Размер шрифта
-
+

Вернувшись из ада - стр. 5

Моё везение заканчивается неожиданно. Ауфзеерка вдруг начинает бить меня, а потом куда-то гонит, помогая хлыстом. Я просто визжу уже от боли, но, оказавшись в каком-то белом помещении, понимаю – сейчас будут «опыты». Меня будут мучить так, как ещё не мучили до этого.

– Ausziehen!4 – звучит команда.

Я уже знаю, что она значит, поэтому стягиваю пропитанное кое-где кровью платье. Грубо схватив за руку, меня сажают в то самое кресло и, прошипев что-то о колдовской твари, привязывают. Кажется, страшнее быть уже и не может, но тут я вижу нечто, от чего чуть не теряю сознание: под какое-то странное жужжание острый даже на вид нож медленно приближается к моему… ну… Я бьюсь в путах, стараясь вырваться, но тут что-то происходит, и всё гаснет.

Очнувшись, я обнаруживаю себя совсем в другом бараке. Кроме меня здесь почти без движения лежат ещё два мальчика лет семи и постоянно плачущая пятилетняя на вид девочка. Не понимая, что происходит, я тем не менее веду себя очень тихо, чтобы не привлекать внимания. Но ауфзеерки о нас всё равно не забывают.

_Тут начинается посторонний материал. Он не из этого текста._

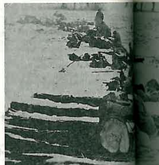
»Crveni« su zauzeli položaje »plavih« i povukli u svoje zadnje borbeno

Спустя неделю нас просто как дрова закидывают в большой грузовик. Я понимаю – это и есть газенваген. Сейчас я буду умирать. Мысленно прощаюсь с папой, Швейцарией и даже с мамой, хоть она и бывала похожей на ауфзеерку. Но самое главное – я прощаюсь со своей лагерной мамой, показавшей мне, какой может быть настоящая… мама.

Но грузовик едет, а мы не умираем, тогда один мальчик, непонятно откуда взявшийся в женском лагере, тихо говорит что-то о переводе в другой лагерь. Но в другой лагерь чаще всего переводят для уничтожения, значит, это просто отсрочка и ничего больше. Так мы едем час, другой, третий, а затем грузовик останавливается, и нас всех выгоняют из машины. Затихшая пятилетняя девочка молчит, и тут я вижу, что всё рассказанное мне – правда. Страшный палач в чёрном просто кидает её тело на кучу голых тел, сообщив: «Крематориум!»5, а нас гонят дальше.

Заставив опять раздеться, меня засовывают под ледяной душ, а потом приказывают стоять в очереди. И лишь увидев чёрные цифры на своей руке, я понимаю, где оказалась. Об этом месте я знаю только то, что здесь всех убивают. Значит, и меня. Скоро.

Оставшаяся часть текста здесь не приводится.